No, I didn't say anything to her parent's. I felt like her mom didn't take any responsibility for her daughter's action the first time. I felt like it would just be idle talk.
 Aradia96
Joined: 10/25/2014
Msg: 22
Neighborhood Kids
Posted: 2/16/2015 3:17:03 AM
Oh my god, obviously your son playing with them is not working out.

Just keep your son away from them/ tell him not to play with them.

Its not worth the trouble.
 CTRLvector
Joined: 9/21/2014
Msg: 23
Neighborhood Kids
Posted: 2/17/2015 7:00:39 PM
There was an incident where 4 kids on my street decided to throw eggs at cars and houses/apt. My car got hit, other cars got hit. But they were quick to leave the area after throwing the eggs. Anyway the next thing they did was started calling anyone walking by their yard fags. They were calling that to women with strollers with small kids in them. Older women walking by, me, basically anyone.

So the 2nd time I walked by I noticed the gate was open, so I walked right onto the property and told each of them that if they continued to do that I would slap the dog piss out of each and every one of them. The look of sheer terror on their faces was enough for me. Then the father comes out and I rip his ass a new one because he didn't know that I knew about the eggs, and I called bullshit on the excuse that they were calling each other fags. They were looking straight at the people walking by saying that shit.

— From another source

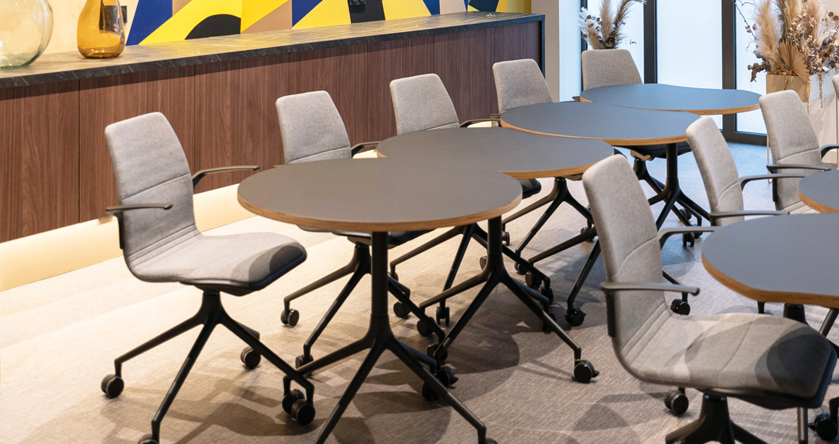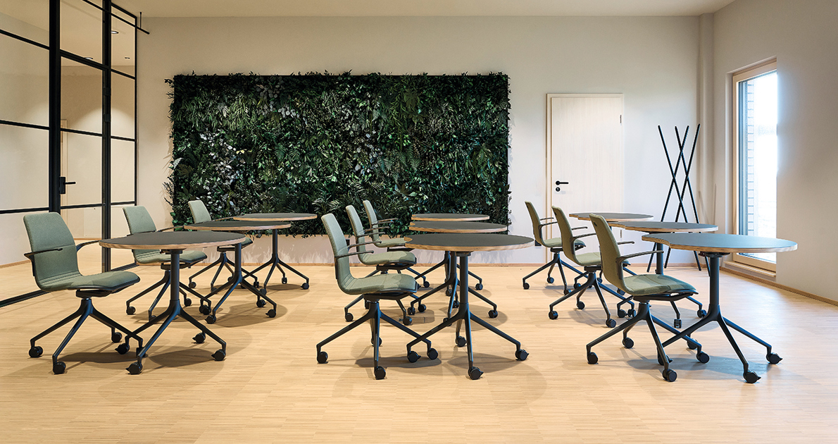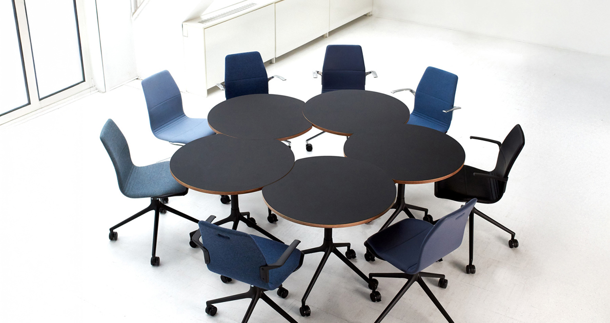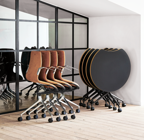 All nesting tables and chairs in the AS series come with a mobile wheel-base. With a light “push,” you can create new furnishing dynamics that maintain a harmonious design language throughout your interiors.

Long story short, I stopped that shit from happening. They fear me now, and that's the end of that bullshit. If I see them throwing eggs im going to grab one of them by the arm and take them home. I don't give a shit, eggs can be caustic. So if your kid has a problem, you need to discipline him, and yes do not let them play together if they don't get along.
 SeainaStorm
Joined: 2/7/2015
Msg: 24
Neighborhood Kids
Posted: 2/17/2015 7:17:06 PM
Be really careful about grabbing other peoples kids, whatever the reason. Unless that child is about to be seriously harmed or killed without your direct immediate physical intervention, you are biting into an apple that you may not be able to chew.

For example, if someone were to grab my 13 year old daughter for misbehavior, there would be an issue. The last thing that would be resolved would be the misbehavior of the 13 year old. Prior to that, you would be talking to the police about the assault you just committed.

Just saying.
 CTRLvector
Joined: 9/21/2014
Msg: 25
Neighborhood Kids
Posted: 2/17/2015 7:36:37 PM
These kids are middle school aged, possibly high school. I am tired of getting egged by those ****ers - the whole neighborhood is. They are all male - I would never grab a female kid. Female kids do not often throw eggs or call mothers walking by a faggot.

There are certain things that must be done, and these kids are ****ed up. So yeah, ill grab up a male kid who thinks he can egg my property.